Martin Escardo 2011.

\begin{code}

{-# OPTIONS --safe --without-K #-}

module NotionsOfDecidability.Complemented where

open import MLTT.Spartan
open import MLTT.Plus-Properties
open import NotionsOfDecidability.Decidable

\end{code}

We again have a particular case of interest.  Complemented subsets,
defined below, are often known as decidable subsets. Agda doesn't
allow overloading of terminology, and hence we gladly accept the
slighly non-universal terminology.

\begin{code}

is-complemented : {X : 𝓤 ̇ } (A : X → 𝓥 ̇ ) → 𝓤 ⊔ 𝓥 ̇
is-complemented A = ∀ x → is-decidable (A x)

characteristic-function : {X : 𝓤 ̇ } {A : X → 𝓥 ̇ }
                        → is-complemented A
                        → Σ p ꞉ (X → 𝟚) , ((x : X) → (p x ＝ ₀ →   A x)
                                                   × (p x ＝ ₁ → ¬ (A x)))
characteristic-function = indicator

co-characteristic-function : {X : 𝓤 ̇ } {A : X → 𝓥 ̇ }
                           → is-complemented A
                           → Σ p ꞉ (X → 𝟚) , ((x : X) → (p x ＝ ₀ → ¬ (A x))
                                                      × (p x ＝ ₁ →   A x))
co-characteristic-function d = indicator(λ x → +-commutative(d x))

\end{code}

Added by Fredrik Bakke on the 26th of March 2025.

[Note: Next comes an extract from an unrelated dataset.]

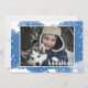 O na moda e o Cartão com fotos de Natal bonitinho do Chanucá é perfeito para todos os seus amigos e família nesta temporada de férias. Possui nuvens de aquarela azul com estrelas brancas e flocos de neve em ambos os lados. Personalize o texto com seu nome de família e o ano e troque a foto por uma foto de seus filhos, animais de estimação ou de toda a família.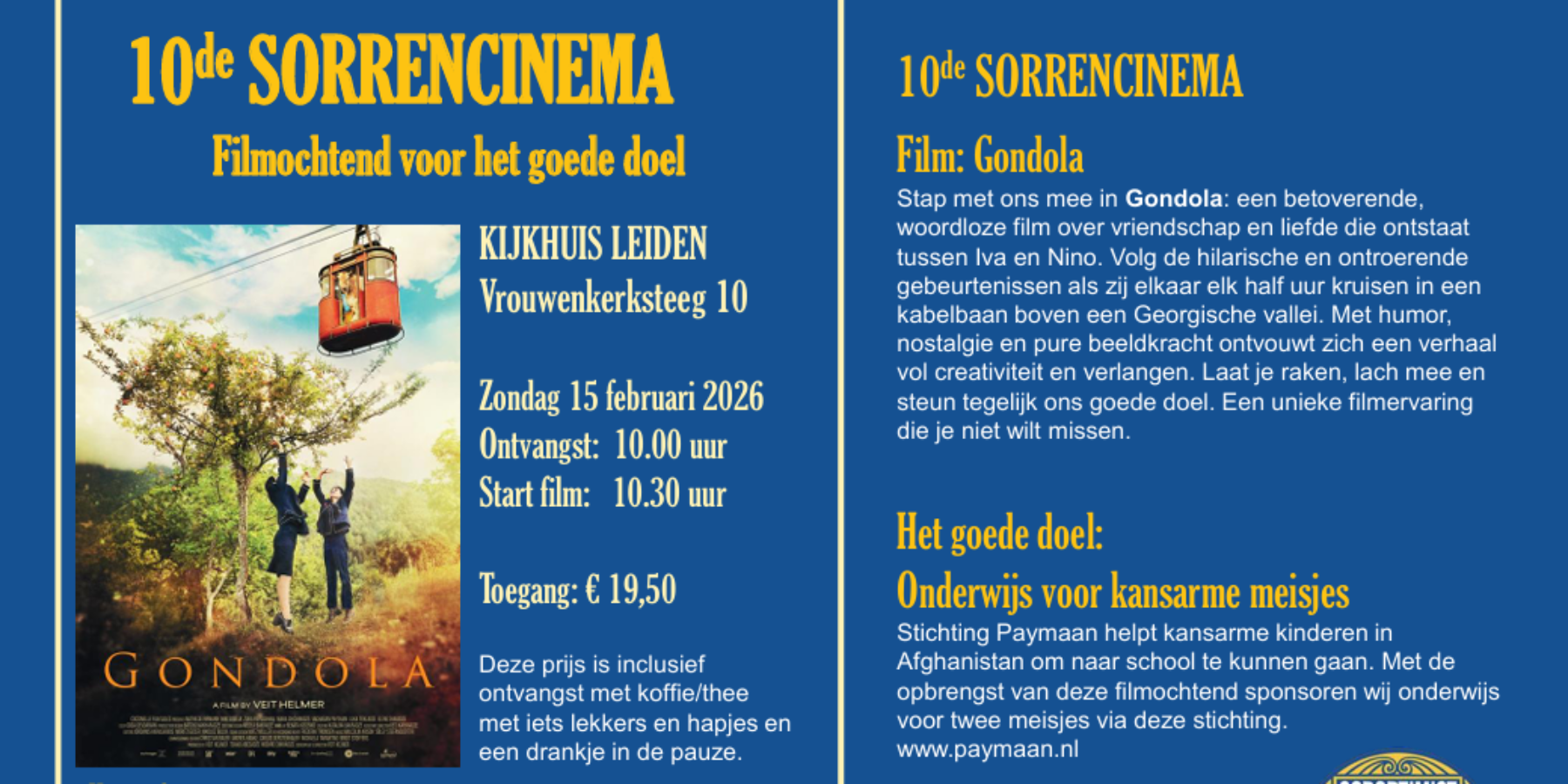 Soroptimistclub Leiden Aurora organiseert zondagochtend 15 februari alweer de tiende Sorrencinema in het Kijkhuis in Leiden. Het is een filmochtend waarbij de opbrengst bestemd is voor een goed doel.

We define a complemented map f to be a map such that each fiber is decidable.

\begin{code}

is-complemented-map : {X : 𝓤 ̇ } {Y : 𝓥 ̇ } → (X → Y) → 𝓤 ⊔ 𝓥 ̇
is-complemented-map f = each-fiber-of f is-decidable

∘-complemented-map : {X : 𝓤 ̇ } {Y : 𝓥 ̇ } {Z : 𝓦 ̇ } (f : X → Y) (g : Y → Z)
                   → left-cancellable g
                   → is-complemented-map g
                   → is-complemented-map f
                   → is-complemented-map (g ∘ f)
∘-complemented-map f g H G F x = cases positive-case negative-case (G x)
 where
  positive-case : fiber g x → is-decidable (fiber (g ∘ f) x)
  positive-case (y , q) =
   decidable-↔
    ((λ (x , p) → x , (ap g p ∙ q)) , (λ (x , r) → x , H (r ∙ q ⁻¹)))
    (F y)

  negative-case : ¬ (fiber g x) → is-decidable (fiber (g ∘ f) x)
  negative-case nu = inr (λ (x , p) → nu (f x , p))

\end{code}